Benchmarking Ceph erasure code plugins

loic

The erasure code implementation in Ceph relies on the jerasure library. It is packaged into a plugin that is dynamically loaded by erasure coded pools.
The ceph_erasure_code_benchmark is implemented to help benchmark the competing erasure code plugins implementations and to find the best parameters for a given plugin. It shows the jerasure technique cauchy_good with a packet size of 3072 to be the most efficient on a Intel(R) Xeon(R) CPU E3-1245 V2 @ 3.40GHz when compiled with gcc version 4.6.3 (Ubuntu/Linaro 4.6.3-1ubuntu5). The test was done assuming each object is spread over six OSDs and two extra OSDs are used for parity ( K=6 and M=2 ).

  • Encoding: 4.2GB/s
  • Decoding: no processing necessary (because the code is systematic)
  • Recovering the loss of one OSD: 10GB/s
  • Recovering the loss of two OSD: 3.2GB/s

The processing is done on the primary OSDs and therefore distributed on the Ceph cluster. Encoding and decoding is an order of magnitude faster than the typical storage hardware throughput.

Ceph is compiled from sources with:

./autogen.sh ; ./configure ; make

which compiles the ceph_erasure_code_benchmark benchmark tool.
The results of the erasure code bench script ( which relies on ceph_erasure_code_benchmark ) were produced on a Intel(R) Xeon(R) CPU E3-1245 V2 @ 3.40GHz and compiled with gcc version 4.6.3 (Ubuntu/Linaro 4.6.3-1ubuntu5).

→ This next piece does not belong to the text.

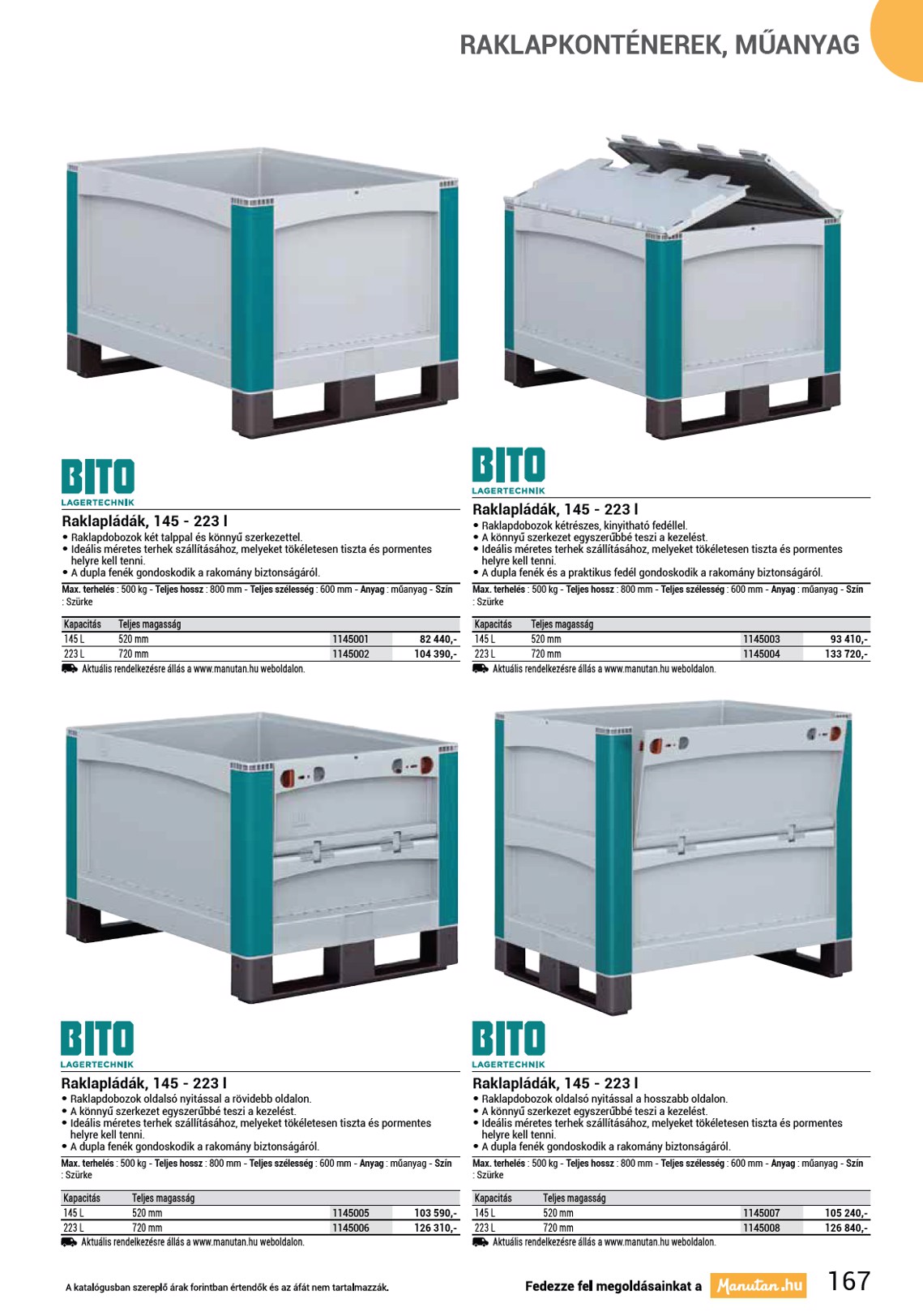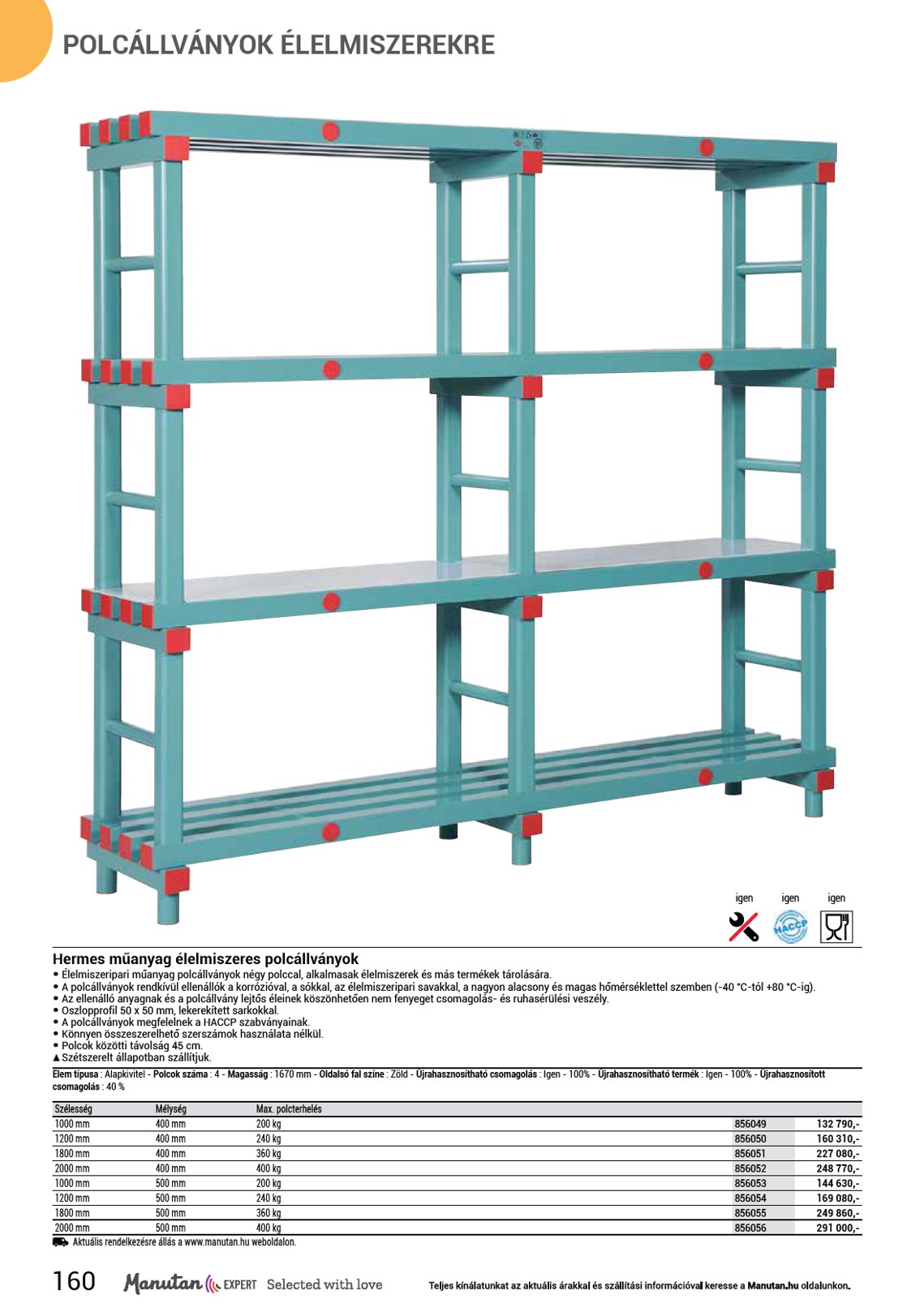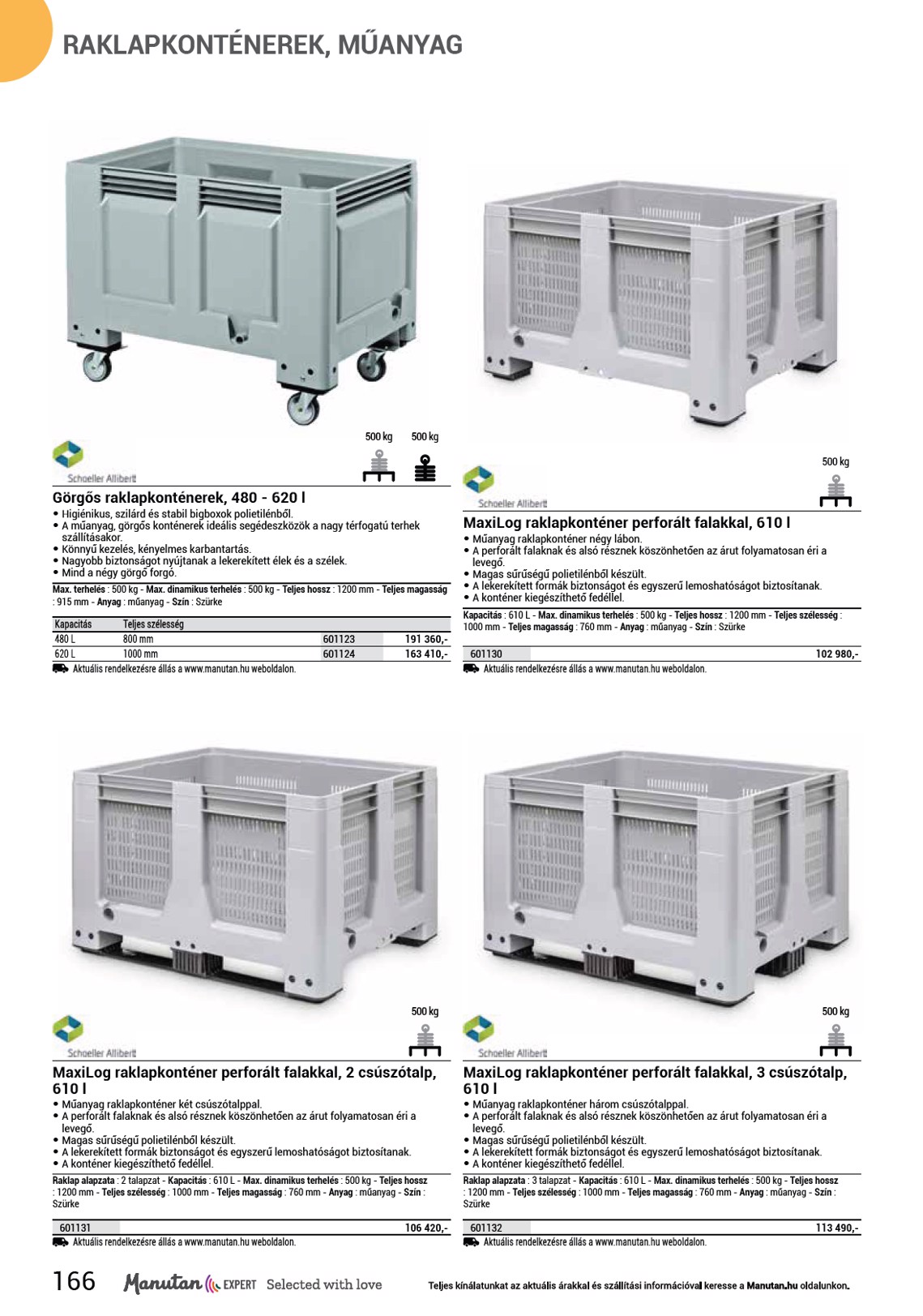 MŰANYAG RAKLAPOK bővebb árukínálat 1500 kg 5000 kg Műanyag raklap, 16 x 120 x 80 cm • A lyukas fenékkel rendelkező műanyag raklap könnyen tisztítható, éghajlati változásokkal, nedvességgel és penészgombákkal szemben ellenálló műanyagból készült. • A raklap sokoldalúan hasznosítható, és alkalmas polcállványokba is. Anyag : műanyag - Hossz : 1200 mm - Szélesség : 800 mm - Magasság : 160 mm - Max. sztatikus terhelés : 5000 kg - Max. dinamikus terhelés : 1000 kg - Súly : 18 kg - Szín : Fekete Mennyiségi kedvezmény - 1 - 9 1070050 30 320,- Aktuális rendelkezésre állás a www.manutan.hu weboldalon. - 5% 10 - 49 28 790,- - 10% 50 + 27 280,- Műanyag raklap, 15 x 120 x 80 cm • Higiénikus raklap alacsony sűrűségű polietilénből, ellenáll a savakkal és lúgokkal szemben. • Csúszásgátló felület. Anyag : műanyag - Hossz : 1200 mm - Szélesség : 800 mm - Magasság : 150 mm - Max. sztatikus terhelés : 5000 kg - Max. dinamikus terhelés : 1500 kg - Súly : 18 kg - Szín : Fekete - Min. üzemhőmérséklet : -30 °C - Max. üzemhőmérséklet : 70 °C - Újrahasznosítható csomagolás : Igen - 100% - Újrahasznosítható termék : Igen - 100% - Újrahasznosított csomagolás : 100 % - Újrahasznosított termék : 100 % Mennyiségi kedvezmény - 1 - 9 1175003 38 720,- 2 nap. Aktuális rendelkezésre állás a www.manutan.hu weboldalon. - 5% 10 - 49 36 780,- - 10% 50 + 34 830,- 1500 kg 4000 kg Műanyag raklap, 15 x 120 x 80 cm • Műanyag, környezetre ártalmatlan raklap sokoldalú hasznosíthatósággal. • Könnyen tisztítható, éghajlati változásokkal, nedvességgel és penészgombákkal szemben ellenálló anyagból készült. • A sérült raklapok újrahasznosíthatók. Anyag : műanyag - Hossz : 1200 mm - Szélesség : 800 mm - Magasság : 150 mm - Max. sztatikus terhelés : 4000 kg - Max. dinamikus terhelés : 1500 kg - Raklapállvány kapacitása : 500 kg - Súly : 11,5 kg - Szín : Fekete Mennyiségi kedvezmény - 1 - 9 894010 24 460,- 2 nap. Aktuális rendelkezésre állás a www.manutan.hu weboldalon. - 5% 10 - 49 23 210,- - 10% 50 + 21 990,- Műanyag raklap, 16 x 120 x 80 cm • A könnyen tisztítható felületű könnyített egészségügyi raklap kiválóan alkalmas az élelmiszerekkel történő érintkezésre. • A sérült raklapok újrahasznosíthatók. Anyag : műanyag - Hossz : 1200 mm - Szélesség : 800 mm - Magasság : 160 mm - Max. sztatikus terhelés : 5000 kg - Max. dinamikus terhelés : 1250 kg - Súly : 18 kg - Szín : Szürke Mennyiségi kedvezmény - 1 - 9 894013 40 810,- 2 nap. Aktuális rendelkezésre állás a www.manutan.hu weboldalon. - 5% 10 - 49 38 770,- - 10% 50 + 36 730,- 163

CEPH_ERASURE_CODE_BENCHMARK=src/ceph_erasure_code_benchmark \ PLUGIN_DIRECTORY=src/.libs \ qa/workunits/erasure-code/bench.sh

They can be interpreted as follows:

seconds KB plugin k m work. iter. size eras. 0.612510 1048576 example 2 1 encode 1024 1048576 0 0.317254 1048576 example 2 1 decode 1024 1048576 1

The first line used the example plugin to encode 1048576KB (1GB) in 0.612510 seconds which is ~1.7GB/s. The measure was done by iterating 1024 times to encode a 1048576 (1MB) bytes buffer. The second line used the example plugin to decode 1048576KB (1GB) when 1 chunk has been erased (last column) in 0.317254 seconds which is ~3.1GB/s. The measure was done by iterating 1024 times to decode a 1048576 (1MB) bytes buffer that was encoded once.
When using the Jerasure Ceph plugin and the Reed Solomon technique to sustain the loss of two OSDs (i.e. K=6 and M=2 ) the results are:

seconds KB plugin k m work. iter. size eras. 0.103921 1048576 jerasure 6 2 decode 1024 1048576 1 0.277644 1048576 jerasure 6 2 decode 1024 1048576 2 0.238322 1048576 jerasure 6 2 encode 1024 1048576 0

The first line shows that if 1 OSD is lost ( erased ), it can be recovered at a rate of 10GB/s ( 1/0.103921 ). If 2 OSDs are lost, recovering both of them can be done at a rate of 3.6GB/s ( 1/0.277644 ). Encoding can be done at a rate of 4.2GB/s ( 1/0.238322 ).
The corresponding jerasure technique is cauchy_good with a packet size of 3072:

--parameter erasure-code-packetsize=3072 --parameter erasure-code-technique=cauchy_good

After profiling a single call and reducing the number of iterations from 1024 to 10 because valgrind makes the run significantly slower:

valgrind --tool=callgrind src/ceph_erasure_code_benchmark --plugin jerasure --workload encode --iterations 10 --size 1048576 --parameter erasure-code-k=6 --parameter erasure-code-m=2 --parameter erasure-code-directory=.libs --parameter erasure-code-technique=cauchy_good --parameter erasure-code-packetsize=3072

It shows that 97% of the time is spent in table lookups.